Bei Steffi von Wolff ist es anders. "Es ist einfach das Alter", glaubt sie. Weniger schlaflose Partynächte, mehr gemütliche Zeit zu Hause. Da kriege man einfach Lust auf Beschäftigungen mit kleinen Kindern – eine klassische Sehnsucht für diese Lebensphase. 

Trauer über die Entscheidung des Kindes 

Fakt ist aber: immer mehr Menschen müssen der häufig schmerzhaften Tatsache ins Auge sehen, niemals Großeltern zu werden. 2024 wurden laut Statistischem Bundesamt rund 680 000 Kinder geboren – der niedrigste Wert seit 2014. Viele sind pessimistisch angesichts diverser Kriege, Krisen und dem Klimawandel. Das mag auf intellektueller Ebene für viele Ältere verständlich sein. "Dennoch ist die Trauer darüber, dass sich gewisse Vorstellungen von einer Lebensphase – wie so oft im Leben – nicht erfüllen werden, bei vielen bodenlos. Dann darf man auch trauern", sagt Hannah Drechsler. Vor allem, wenn plötzlich der ganze Freundeskreis tief in den Großelternpflichten steckt. "Es ist wie, wenn deine Freunde heiraten oder Kinder bekommen und du nicht", sagt sie. 

Welches Bedürfnis steckt wirklich hinter dem Wünsch, unbedingt Oma werden zu wollen?

Manchmal ist der Wunsch, unbedingt Oma werden zu wollen, in unserem patriarchalen System auch eng mit dem Ideal verknüpft, dass Frauen erst dann "vollständig" seien, wenn sie Mutter und später auch Großmutter werden. Auch können unterdrückte innere Bedürfnisse dahinterstecken: Was habe ich vielleicht selbst versäumt? Will ich als Großmutter etwas nachholen oder Wiedergutmachung leisten? "Es kann auch die Frage aufkommen, ob sich das eigene Leben ohne diese neue Rolle als unvollständig anfühlt", sagt Hannah Drechsler. "In dem Fall kann es weh tun, zu sehen, dass die eigene Tochter ein so erfülltes Leben hat, dass sie keine Kinder möchte." 

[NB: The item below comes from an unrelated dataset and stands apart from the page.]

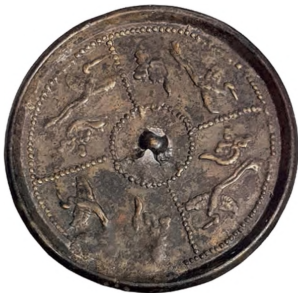
Рис. 4. Зеркало с растительно-орнитоморфным (китайским свадебным) орнаментом. «Дом ювелира», городище Талгар. XII – начало XIII в. Экспозиция музея «Центр сближения культур» под эгидой ЮНЕСКО.

его 241,95 г. Внешняя грань диска оконтурена бортиком, имеющим в разрезе форму равнобедренного треугольника с размерами сторон: основание – 0,8 см, внешней грани 0,5–0,6 см. В центре внутренней плоскости помещен держатель полусферической формы высотой 0,8 см со сквозным отверстием размерами 0,4×0,5 см. Вся внутренняя плоскость заполнена рельефно отлитым нечетким (выделено нами – прим. авт.) орнаментом. На расстоянии 0,6 см от держателя помещен круг диаметра 3 см, составленный из 40 точек. От него отходят вверх прямые линии длиной 3,5 см, состоящие из 13–15 точек, доходящие до внутренней грани большого бордюрного круга

Übrigens sind auch Enkelkinder kein Garant für glückliche Familien. "Viele meiner Klient:innen leiden unter schwierigen Beziehungen zu ihren (Schwieger-)Eltern, weil sie Druck ausüben oder sich in die Kindererziehung einmischen, was häufig zur Folge, dass der Kontakt abbricht und Großeltern ihre Enkelkinder gar nicht mehr sehen dürfen", berichtet Hanna Drechsler. Ihr Rat: "Kinder sollten klar kommunizieren, ob sie bewusst kinderfrei leben oder unfreiwillig kinderlos sind und dass dieses Thema vielleicht ein wunder Punkt ist, über den sie nicht sprechen möchten." 

Ein erfülltes Leben ohne Enkelkinder

Drechsler rät, sich von der Vorstellung zu lösen, dass bestimmte Lebensphasen in eine feste Form gegossen werden müssen. Wenn der Wunsch nach Enkelkindern nicht in Erfüllung geht, könne man sich auf die Beziehung zu den eigenen Kindern konzentrieren, sich ein erfüllendes Hobby oder Ehrenamt suchen, durch das man mit kleinen Kindern zu tun hat. "Ich wünsche allen Menschen ein so erfülltes Leben, dass ein Enkelkind bloß die Kirsche auf dem Sahnehäubchen ist", sagt die Familienberaterin.